Scientists have found in east Africa stone tools dating back 3.3 million years -- long before the advent of modern humans and by far the oldest such artefacts yet discovered.
This is the first evidence that an even earlier group of proto-humans may have had the thinking abilities needed to figure out how to make sharp-edged tools. The tools have been found in northwestern Kenya.
"The tools shed light on an unexpected and previously unknown period of hominin behaviour and can tell us a lot about cognitive development in our ancestors that we can't understand from fossils alone," said lead author Sonia Harmand, of the Turkana Basin Institute at Stony Brook University in New York.
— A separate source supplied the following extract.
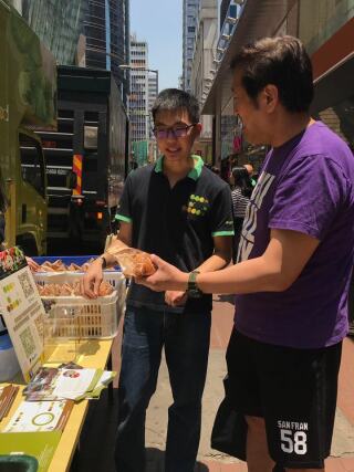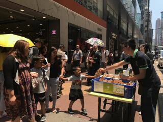 「齐惜福教育车」于旺角朗豪坊停泊。教育车内有游戏,宣传珍惜食物的理念,亦展示减少厨余的方法。此外我们还派发捐赠面包糕饼和超级食物。

Hominins are a group of species that includes modern humans, Homo sapiens, and our closest evolutionary ancestors. Anthropologists long thought that our relatives in the genus Homo -- the line leading directly to Homo sapiens -- were the first to craft such stone tools.
But researchers have been uncovering tantalizing clues that some other, earlier species of hominin -- distant cousins, if you will -- might have figured it out.
The area from where the tools were discovered was at that time a partially wooded, shrubby environment. The tools could have been used for breaking open nuts or tubers, bashing open dead logs to get at insects inside, or maybe something not yet thought of.
The study appeared in the journal Nature.